- **Requirement**: Only the lines from the top of the records below through the line containing "4、注册完成后点击自己想要的卡牌进行查看并加入购物车即可购买。" should be printed, exactly and without pictures.

- **The records**:
----------
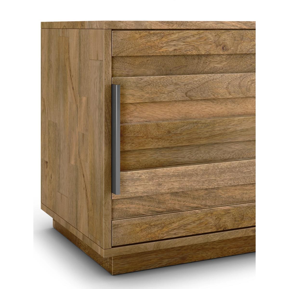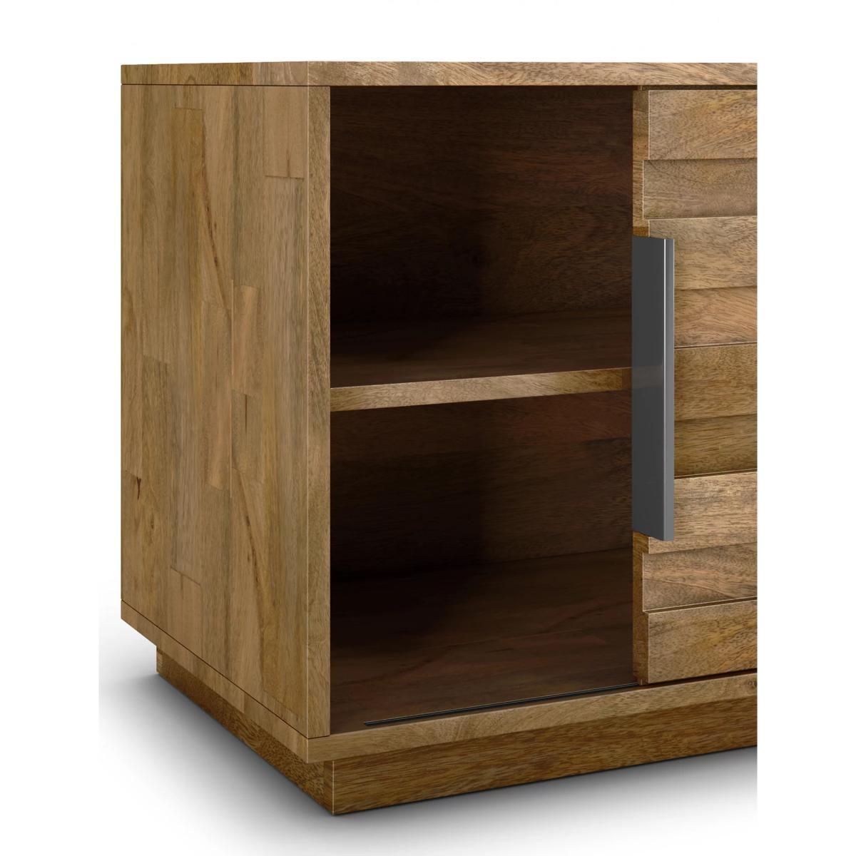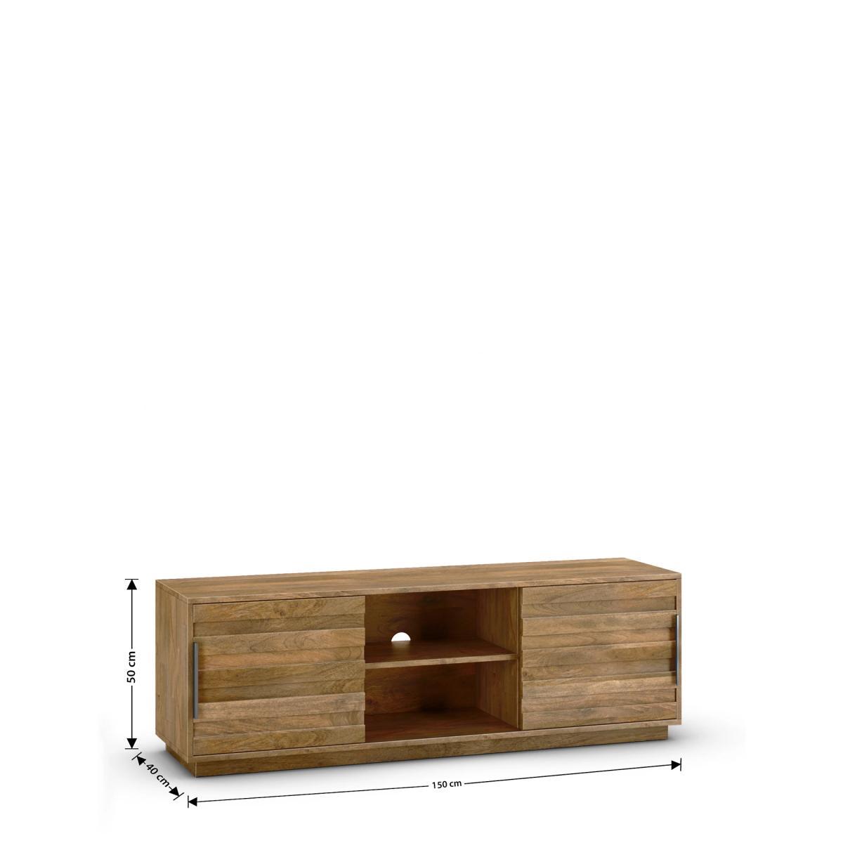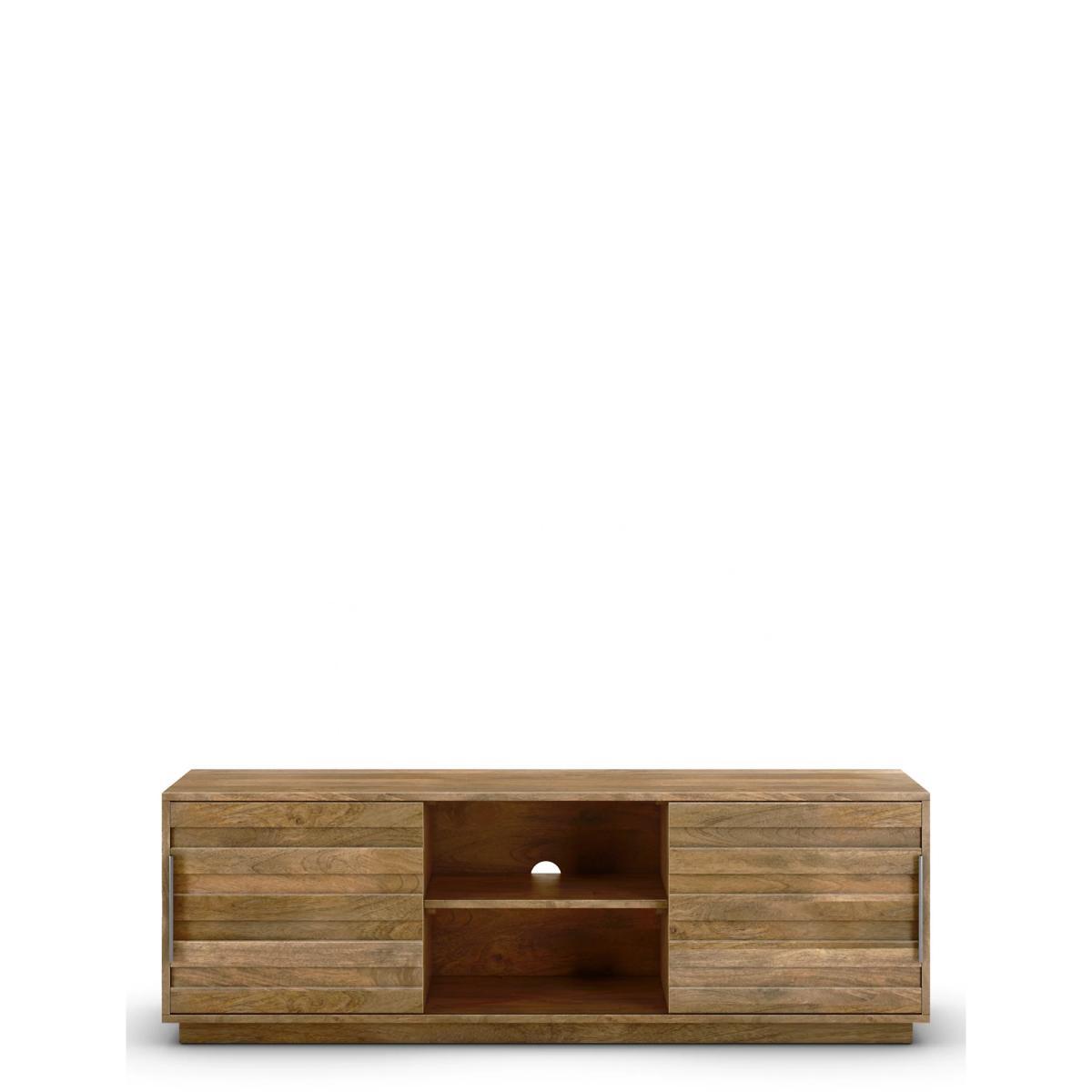 Made from solid Mango wood, this versatile Groove TV unit features two space-saving sliding doors, a central internal shelf for storage and sturdy plinth base to support a TV up to 65 inches. Designed with clean cut lines for a contemporary feel, it will provide an instant update to your living space but timeless quality and style.
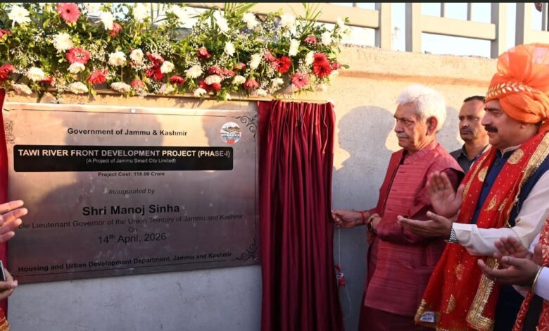 Jammu, April 14, KNT: Lieutenant Governor Manoj Sinha on Tuesday dedicated the Tawi Riverfront Project (Phase-I) to the public on the occasion of Baisakhi, marking a major step in the transformation of Jammu’s urban landscape.
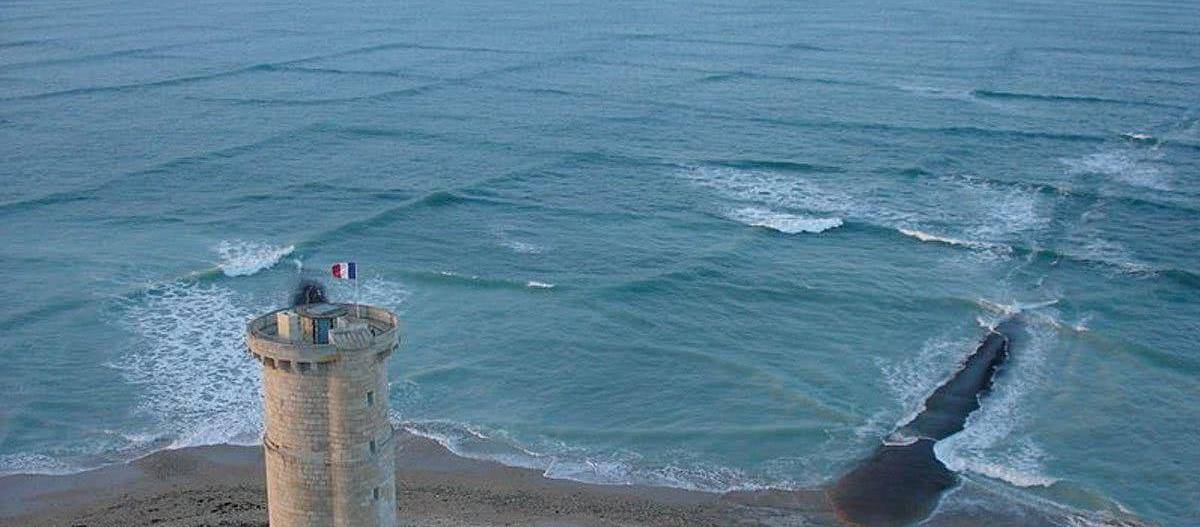 在法国的瑞尔岛(Isle of Rhe)就出现了这种罕见的方形波浪。这种方形波浪的现象有一个名字叫“十字海”(Cross sea),它们在海面出现时呈现出方形和网格状,像一个巨大的围棋棋盘平铺在海上。这种奇特的自然景观在海滩上是很难看到的,需要在一定的高度之上才能领略大自然的鬼斧神工,所以来自全球各地的游客竞相登上瑞尔岛上的灯塔,见证这诡异的自然奇观。
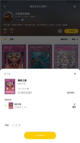 4、注册完成后点击自己想要的卡牌进行查看并加入购物车即可购买。
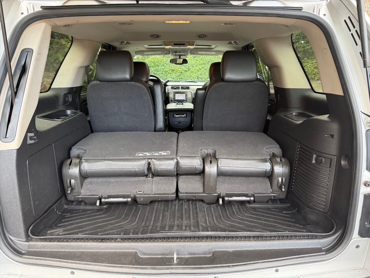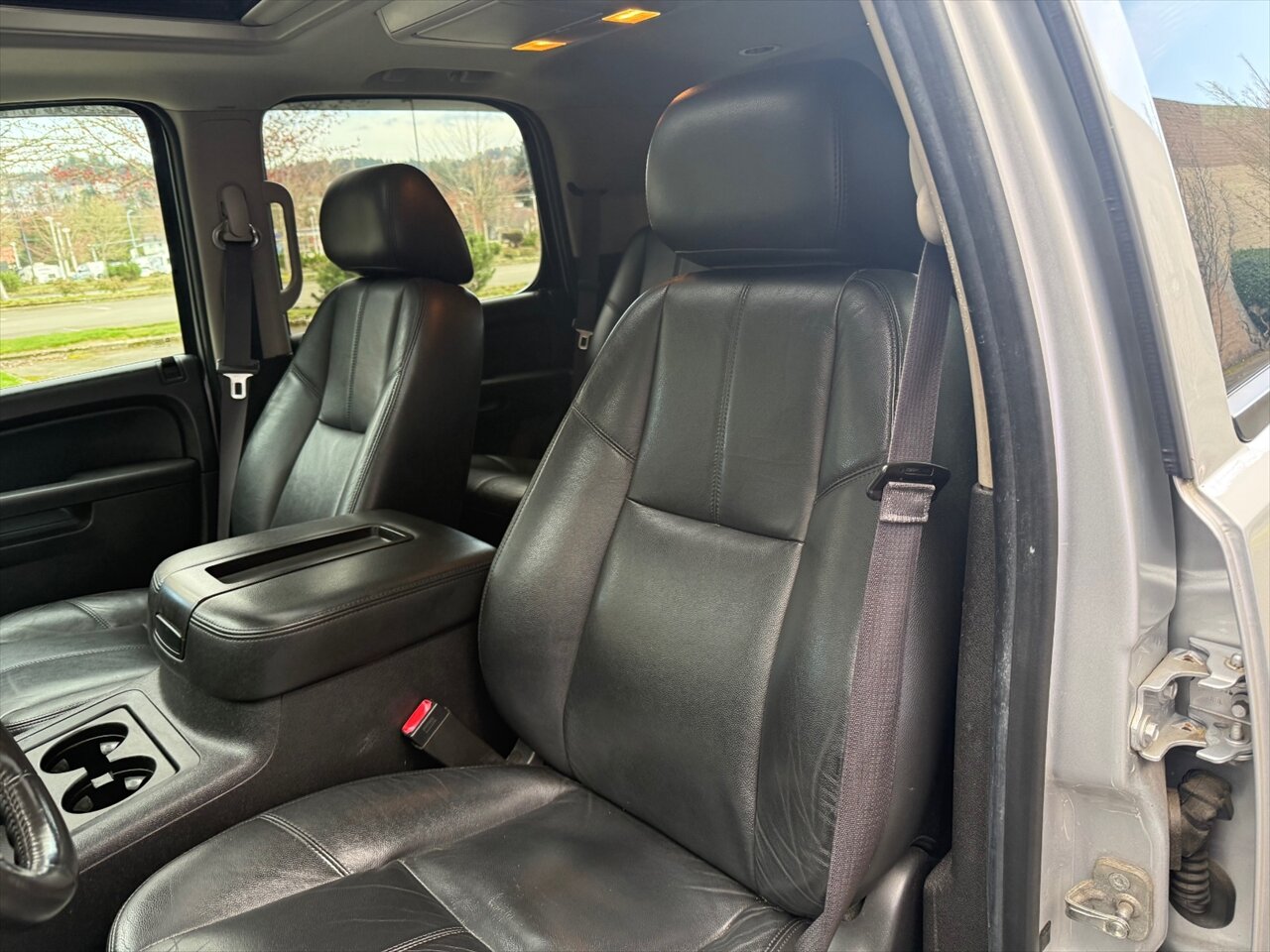 Silver Ice Metallic 2014 Chevrolet Tahoe LT Z71 — powered by a burly Vortec Iron Block 5.3L FlexFuel V8 (320 hp / 335 lb-ft) that laughs at hills and errands alike. Factory-equipped LT comforts include spacious Ebony-trimmed Leather seating for up to seven with second row buckets a configurable third row, power-adjustable driver seat, tilt/telescoping steering wheel with audio and cruise controls, tri-zone climate control, power windows/locks/mirrors, and convenient roof rails. Tech and connectivity come from Chevrolet’s infotainment system with AM/FM/CD, AUX/USB inputs, Bluetooth hands-free calling/streaming and available OnStar. Safety hardware is all there from the factory: ABS, stability and traction control, multiple airbags and child-seat anchors. The Z71 package adds genuine off-road DNA—upgraded suspension tuning, skid protection, unique wheels with all-terrain rubber and Z71 styling cues—so this Silver Ice bruiser looks as ready for the trail as it is for the school run. Sassy, classy, and built to work.
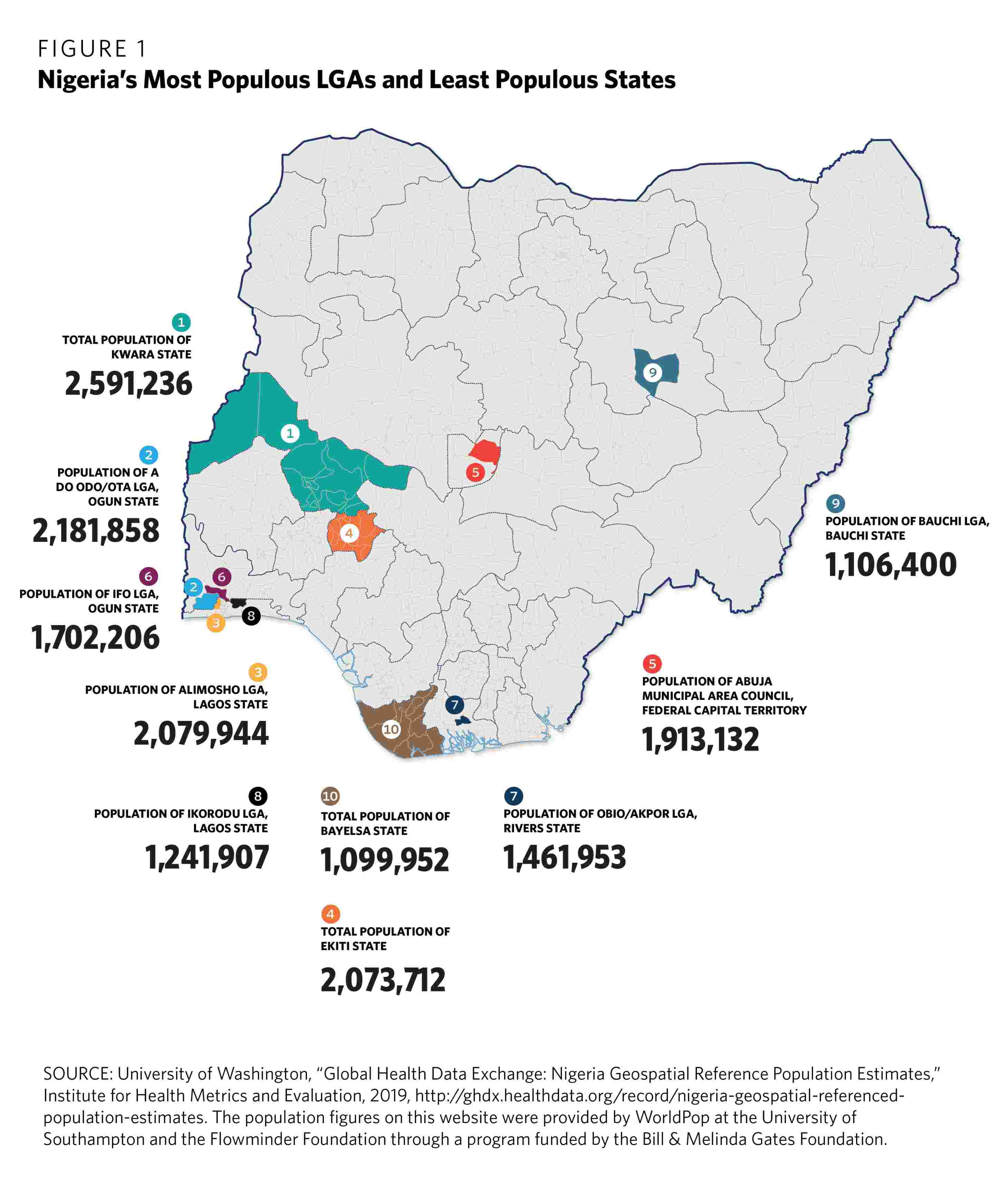 This means local government structures have not adapted to twenty-five years of population growth, urbanization, or internal displacement caused by conflict or climate change.30 Indeed, according to 2019 estimates, the populations of several LGAs now exceed the total populations of some states (see Figure 1), while the populations of LGAs in parts of rural Borno State are significantly lower due to internal displacement caused by the Boko Haram insurgency.31
----------
- **Answer box**:
 Made from solid Mango wood, this versatile Groove TV unit features two space-saving sliding doors, a central internal shelf for storage and sturdy plinth base to support a TV up to 65 inches. Designed with clean cut lines for a contemporary feel, it will provide an instant update to your living space but timeless quality and style.
 Jammu, April 14, KNT: Lieutenant Governor Manoj Sinha on Tuesday dedicated the Tawi Riverfront Project (Phase-I) to the public on the occasion of Baisakhi, marking a major step in the transformation of Jammu’s urban landscape.
 在法国的瑞尔岛(Isle of Rhe)就出现了这种罕见的方形波浪。这种方形波浪的现象有一个名字叫“十字海”(Cross sea),它们在海面出现时呈现出方形和网格状,像一个巨大的围棋棋盘平铺在海上。这种奇特的自然景观在海滩上是很难看到的,需要在一定的高度之上才能领略大自然的鬼斧神工,所以来自全球各地的游客竞相登上瑞尔岛上的灯塔,见证这诡异的自然奇观。
 4、注册完成后点击自己想要的卡牌进行查看并加入购物车即可购买。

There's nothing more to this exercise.